The major question for the U.S. courts was whether there was an “arbitral award” that would fall under the New York Convention. In coming to its decision, the courts had to look at the definitions of “arbitration” and “arbitral award”.
The two terms, however, do not have definitions under the New York Convention and in the Federal Arbitration Act. Case law provided direction. Using the definitions from American Law Institute’s Restatement, the Ninth Circuit decided that there was no arbitral award, tribunal or arbitration because the requirements of the parties’ arbitration agreements and the forum were not met.

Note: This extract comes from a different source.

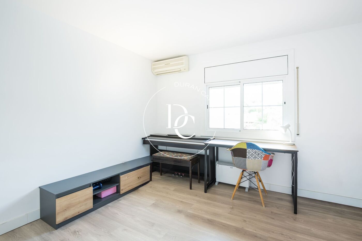 Finalmente, en la última planta baja hay un sexto dormitorio que se puede usar como sala de servicio, donde contarás con dos camas y un baño con ducha. La entrada a la sala de lavandería también se encuentra en esta planta.
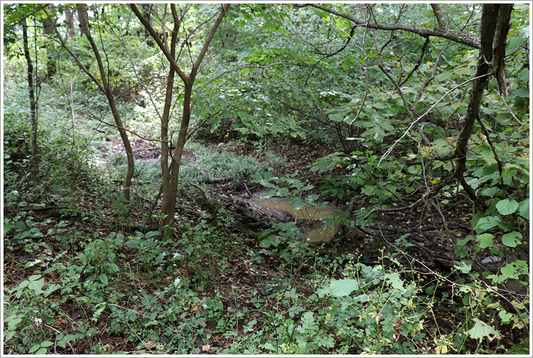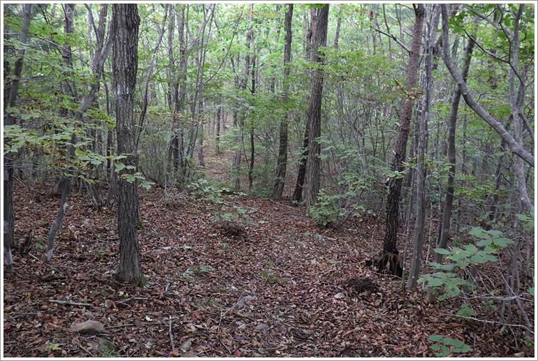(도랑도 만나고... 좌측으로 짧은 지능선이 갈리는 지점으로 우측으로 꺾어 진행해야 한다)

Although the order was issued as an arbitral order, there were aspects of it that indicated otherwise. First, there was no dispute between Castro and his former employer Tri Marine. There was no genuine disagreement between the parties. Therefore, they reached an agreement and there was no arbitral award handed down. Castro and Tri Marine had settled their dispute before they visited the arbitrator, with Castro releasing Tri Marine of any liability and all claims.

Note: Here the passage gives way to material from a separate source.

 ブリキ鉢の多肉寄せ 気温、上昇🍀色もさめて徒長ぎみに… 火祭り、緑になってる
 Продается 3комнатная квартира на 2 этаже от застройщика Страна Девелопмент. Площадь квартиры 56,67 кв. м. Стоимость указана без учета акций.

Arbitration is a consensual procedure, and there was no consent between Castro and Tri Marine to participate in an arbitration that was a meeting with a third party. Parties may waive contractual terms, but by his conduct, Castro did not have any intent to arbitrate the dispute in the Philippines. The meeting between the parties did not follow Philippines arbitral procedures.
The Ninth Circuit opinion stated that the parties’ free-floating settlement agreement did not transform into an arbitral award and the fact that there was an arbitrator present does not make it an arbitral award. The appeals court concluded that Tri Marine could seek to enforce the release as a contract matter, but the arbitrator’s order was not an award and it did not fall under a foreign arbitral award.
The author, a CPR Institute Summer 2019 intern, graduated last month with an LLM in dispute resolution from the University of Missouri School of Law in Columbia, Mo.